A partitition type parameter can have a value of !, which we call a bang. When a value is a bang, it is automatically replaced by some unique value. This is particularly useful, for example, when you have a Distributed partition type where you have an id parameter that represents a unique distribution of data across workers and loop iterations. Having an id parameter allows us to ensure that when we, for instance, want to select a subset of data frame with an array of boolean, we can - as part of the annotation for the subsetting function - apply a partitioning constraint that requires that the data frame and the array have partition types with the same id.

Now, note that some operations such as filtering produce an entirely new distribution of data (and so we can apply the Drifted() = PartitionType("id" => "!") constructor) while other operations such as a simple mapping transformation preserve the existing distribution of data (with a Match partitioning constraint).

Partition type annotations are used to dispatch splitting functions and these splitting functions also have partition types which define the required partitioning of any data for which the function is used to split. These partition types may also include bangs to indicate that the result of the splitting function will be an entirely new distribution of data across workers and loop iterations.

Partition Annotation

Assignment

The main aspect of annotating code is actually assigning partition types to variables used in a code region. In Banyan.jl, this is done using the partitioned_using and partitioned_with commands.

Constraints

It is sometimes necessary to place additional constraints on the partitioning of data to ensure correctness. For example, it might be important that the number of partitions of a data frame being split is no more than the maximum number of roughly equal-sized groups of data with a unique ranges of values for some column for each group.
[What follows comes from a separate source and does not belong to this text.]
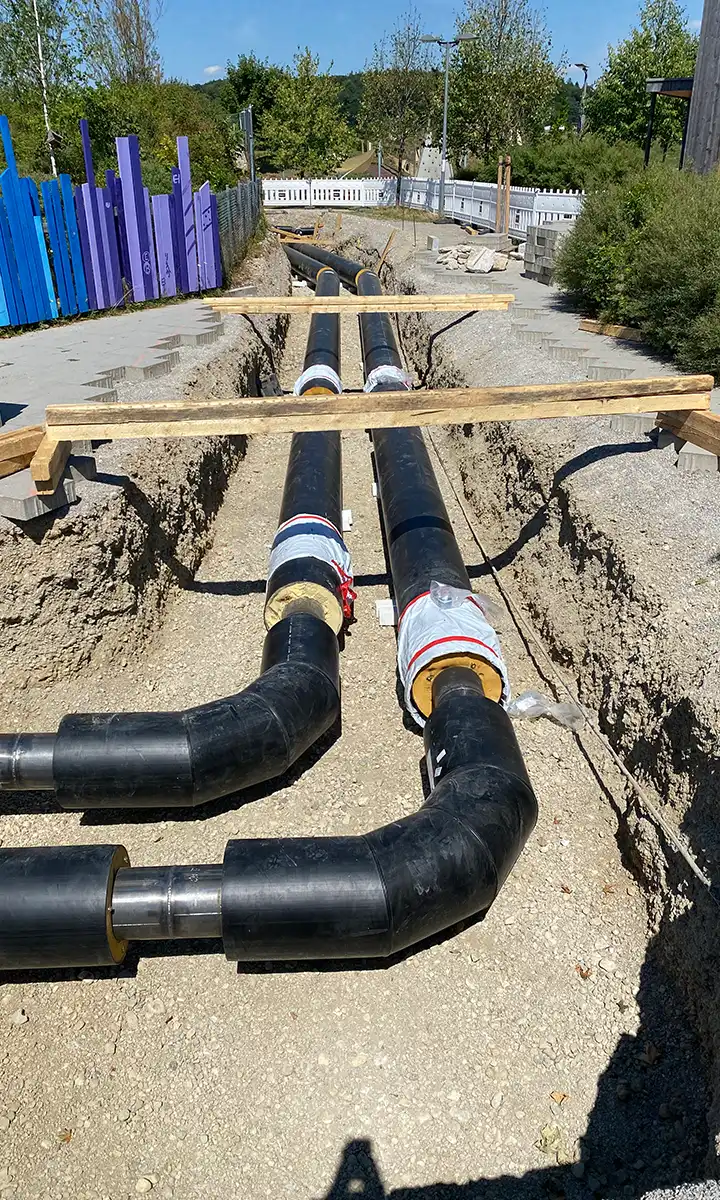 Bei allen Planungen wurde der laufende Betrieb eines vorhandenen Wärmenetzes im Gewerbepark Ost berücksichtigt.
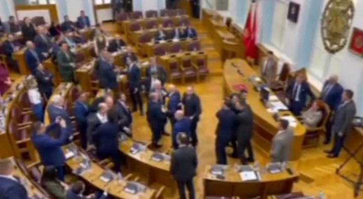 Nastavljena sednica Crnogorske skupštine na Cetinju, nakon tuče poslanika. Ispred zgrade kordon policije. Sve je počelo jutros, ispred zgrade skupštine…

There are 2 kinds of constraints that can be enforced:

  1. Partition annotation constraints must be followed for an annotation for a code region
  2. Partition type constraints for a partition type applied to a value. Breaking the constraint requires merging the value and re-splitting with a different partition type.

Co, Cross, Equal, Sequential, Match, MatchOn, AtMost are PA-level constraints. AtMost, ScaleBy are PT-level constraints. For all constraints, contradictions result in the PA not being used. The exception is ScaleBy constraints where multiple PAs can specify a ScaleBy for the same PT and these are not fused in any way; instead, any constraint is taken as a possible scaling of the PT. Of course, the PT parameters specified by the different PAs still have to match.

Cascading

For each code region, you can provide multiple possible PAs. This is important because sometimes there are multiple ways to partition some data.

Steps

There are several steps to annotating a function (code region) to describe how data that flows through the code can be partitioned.

Create Futures for results

There are several ways to construct a Future.

partitioned_with

This is where you actually construct the partition types and describe how the data can be partitioned.

@partitioned

This is how you mark the code region being annotated and specify the variables used in it.